Pakistan Kashmir Affairs minister Manzoor Ahmad Wattoo tells Kunal Majumder that only talks can resolve the vexed issue
Pakistan Prime Minister Yousuf Raza Gilani said that the Kashmir issue would have to be resolved through dialogue. In the past 65 years, we have seen several rounds of talks. But there’s been no real progress. How optimistic are you now?
In the Shimla agreement, both countries had decided that the Kashmir issue will be resolved through dialogue, not through any form of aggression. Pakistan has always maintained that the issue can be resolved when the Indian, Pakistani and Kashmiri leadership sit together and talk. Gilani’s statement should be welcomed. During their meetings, both the prime ministers have agreed on the need to continue talking. The ongoing composite dialogues are the result. Manmohan Singh has himself accepted that Kashmir will be a part of these composite dialogues. This is a victory for both sides and shows their seriousness in resolving the Kashmir issue as well as others.

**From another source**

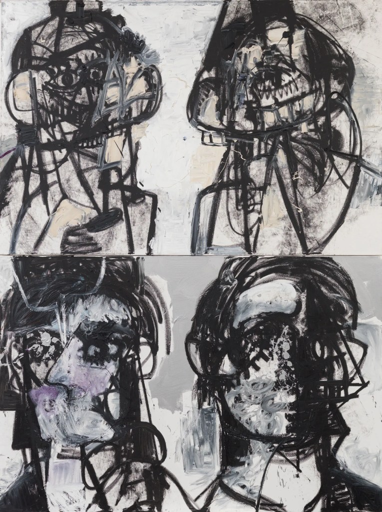 Tout au long du parcours, la figure chez Condo est régulièrement mise à mal. Soit complètement effacée, notamment dans The Portable Artist (1995, coll. part), soit défigurée dans The Letter (2010, coll. part si mes notes sont exactes), soit enfin complètement fondue et réduite à l’ordre de l’indice dans les Compression Painting. Il en va de même dans ces dessins où Condo, noircissant des pages de carnets entiers, fait grimacer des figures enlaidies par un maillage de traits, créant textures et reliefs.
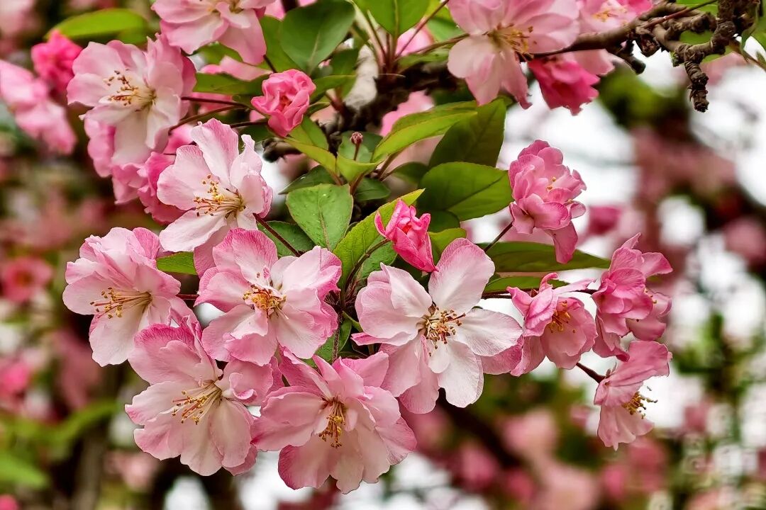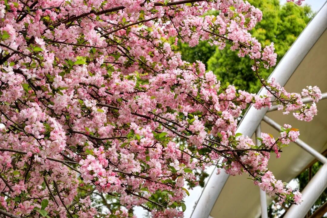 朵朵粉嫩的海棠缀满枝头,随手一拍,就是氛围感十足的春日大片。

But why don’t these dialogues ever succeed?
India says that Kashmir is an integral part of the country. Many people in Pakistan ask us, ‘Why do you want to engage in dialogue with India when it claims Kashmir is an integral part?” So I tell them that if Manmohan Singh has agreed to talk with Gilani on all issues including Kashmir, then he must have accepted Kashmir as a disputed territory. This means the will to resolve the issue is already there.
Gilani says Pakistan cannot afford to have another war on Kashmir. So does it also mean cessation of terror activities from Pakistani soil against India?
Both Pakistan and India can’t afford another war. We already had three wars. Neither the people of Pakistan nor the people of India can afford another confrontation, especially when both of us are nuclear states. War is always a failure of wisdom. Even people of Pakistan have accepted the way ahead is through dialogue. We are bound by the Shimla agreement to resolve the Kashmir issue through dialogue. We want to raise this issue at international platforms to make India realise that it cannot control Kashmir through armed forces. If the majority Muslim community doesn’t want to stay with India, how long can you keep them? In spite of so many troops in Kashmir, people are protesting. It is costing India a lot. India might be developing but what about the poverty in Kashmir?
India has always maintained that there have been democratic elections in Kashmir for the past 65 years and therefore Kashmiris have accepted Indian democracy.
If India is so convinced, then why doesn’t it conduct a plebiscite? Let Kashmiris decide if they want to be with India, Pakistan or become independent. If Kashmiris want to stay with India, let them be. We will have no problem.
Time and again India has pointed out that many terror groups are active in Pakistan-occupied Kashmir. Some extremists like Hafiz Saeed have openly spoken against India. If not war, aren’t these also forms of aggression?
Have any terror groups been functioning from there now? Since the Gilani government came to power, has any terror group attacked India? This is the result of democracy. Democracy believes in negotiations and dialogue.
Can we get an assurance from Pakistan that your Kashmir policy will not involve supporting state or non-state actors in any form of violence against India?
The Gilani government is not supporting any actors in any kind of violence against India.